Segment Open
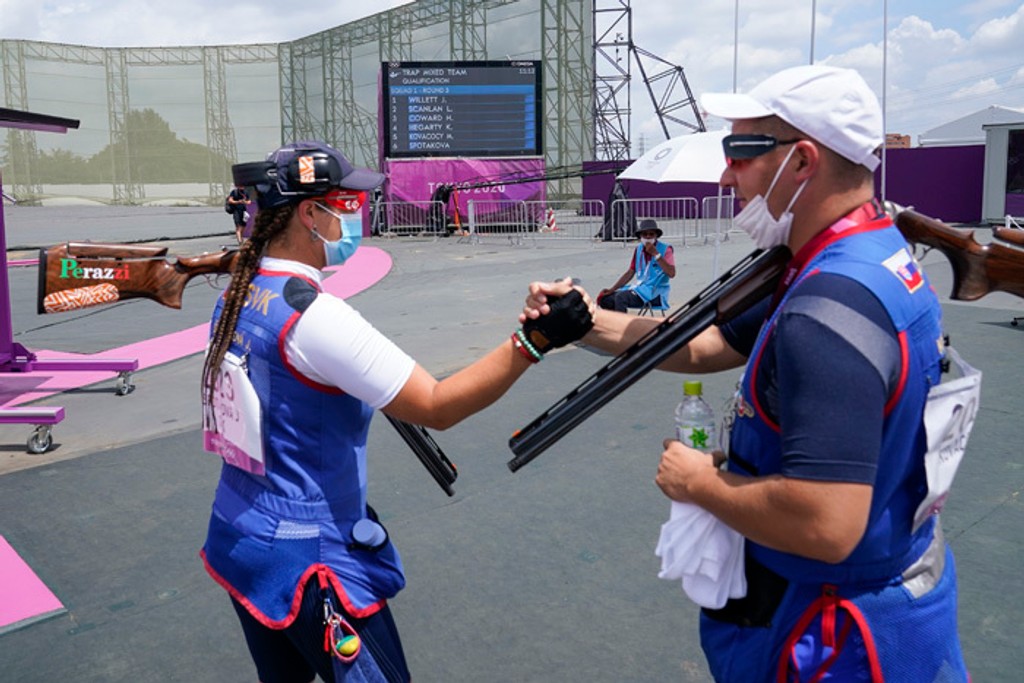 Dvojici Kovačócy - Špotáková ušlo lepšie miesto v poslednej položke, slovenské duo obsadilo v kvalifikácii 8. miesto výkonom 144. Do rozstrelu súboja o bronz im chýbali dva terče. Špotáková netrafila v prvej položke dva holuby, v tretej ďalšie tri. Kovačócy minul dokopy iba raz.
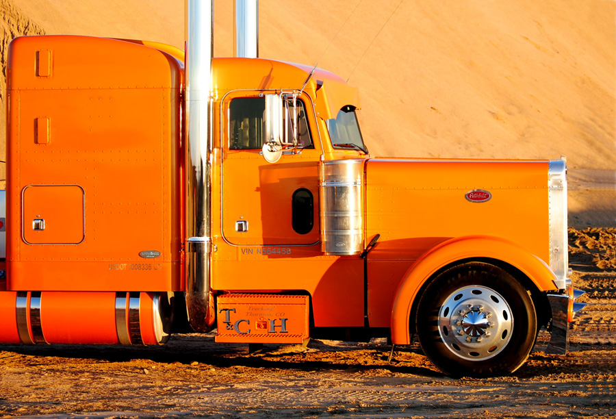 Though Ramon sometimes hauls interstate freight, the majority of his work is local to the Denver area, being that he is based in Thornton, Colorado. Pulling a half-round end-dump trailer, Ramon hauls sand and gravel, as well as larger types of aggregate and rock. Hauling in and out of the pits can put his truck in some tight and rough places. But, these obstacles do not bother him or slow him down – it is just what needs to be done to accomplish his job. And that’s not idle talk, either. Our photo shoot location was one of the sand pits that he hauls out of, and I got a front-row seat to his driving abilities.
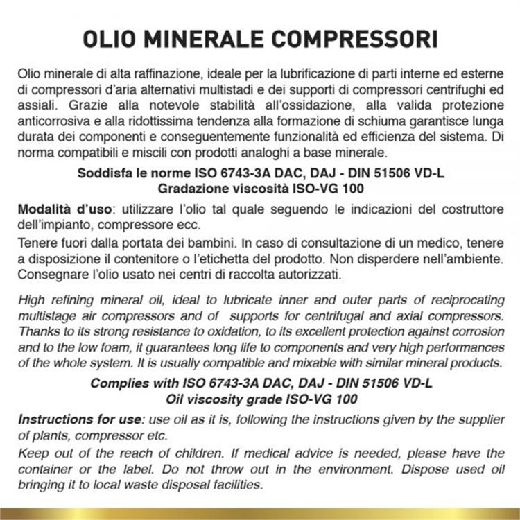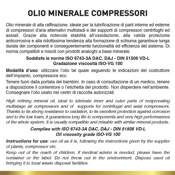 Olio per compressori Rhutten con formulazione a base di oli minerali altamente raffinati.
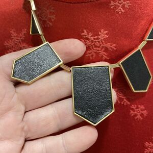 Vintage House Of Harlow 1960 Necklace - the Station Triangle Necklace done in gold tone with textured black leather look finish. This is a statement necklace - eye-catching and dramatic. It is about 18" long - the large pendant at the front is about 1.5" long. There is wear on the gold finish backing - but the front of the necklace looks great with no damage or flaws. Overall excellent vintage condition - ready to wear!
Segment Closed
• **Description of the task**
None of the pictures should be kept; reproduce all the remaining material exactly.

• **Result below**
 Dvojici Kovačócy - Špotáková ušlo lepšie miesto v poslednej položke, slovenské duo obsadilo v kvalifikácii 8. miesto výkonom 144. Do rozstrelu súboja o bronz im chýbali dva terče. Špotáková netrafila v prvej položke dva holuby, v tretej ďalšie tri. Kovačócy minul dokopy iba raz.
 Though Ramon sometimes hauls interstate freight, the majority of his work is local to the Denver area, being that he is based in Thornton, Colorado. Pulling a half-round end-dump trailer, Ramon hauls sand and gravel, as well as larger types of aggregate and rock. Hauling in and out of the pits can put his truck in some tight and rough places. But, these obstacles do not bother him or slow him down – it is just what needs to be done to accomplish his job. And that’s not idle talk, either. Our photo shoot location was one of the sand pits that he hauls out of, and I got a front-row seat to his driving abilities.
 Olio per compressori Rhutten con formulazione a base di oli minerali altamente raffinati.
 Vintage House Of Harlow 1960 Necklace - the Station Triangle Necklace done in gold tone with textured black leather look finish. This is a statement necklace - eye-catching and dramatic. It is about 18" long - the large pendant at the front is about 1.5" long. There is wear on the gold finish backing - but the front of the necklace looks great with no damage or flaws. Overall excellent vintage condition - ready to wear!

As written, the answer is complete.